Hiking, Writing, Patio Furniture… This is life.

Today a co-worker told me a cliche that I had never heard before.  She said, after a conversation about changing jobs and moving towns, that “you bloom where you’re planted.”  That honestly scared me.  As a high school student, I had constantly worried about remaining in my home town and becoming just another face that melted into the generations of families that never left the county.  I knew, beyond a doubt, that I never wanted to be that.

Fast forward about eight years (whoa I’m old), and here I am.  I am sitting on the deck of my rented townhouse on my new patio furniture and I’m thinking about my life.  I’ve got a lovely home with a great husband, I travel most weekends, and I experience life as best as I can.  However, I am entirely different than what I pictured in high school.  High school me wouldn’t be ashamed, but she would definitely be shocked.  I think I would like to explain to her that sometimes you grow happy where you are and with what you’re doing.  Sometimes you’re doing what you need to for that moment, but tomorrow might be different.

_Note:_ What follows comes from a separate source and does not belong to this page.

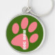 For a Dog Mom, or anyone who wants to claim territory, leave your mark with this original artwork by ZoeSPEAK, a pink paw print Keyring. The simple pink print, a dog paw, rests on a grass green background. The text says "DOG MOM", but can be changed to the name of your “best friend”, or deleted if you prefer. The background color can be changed to suit the territory.

But, I’m not done.  I’m not planted.  While I’m still in my community where you can leave your front door open for some sun and the biggest excitement of the county is the fair, I haven’t planted myself.  My husband and I still rent and we know that it isn’t rent to own.  We aren’t ready for that.  If our dream city of Seattle comes a-calling, we want to answer her siren song.  We don’t want to be held down.

So, yes… You make the best of where you’re planted.  You’re in the here and you’re in the now, but tomorrow you could be transplanted.  Be ready for a new container, new soil, and new sun.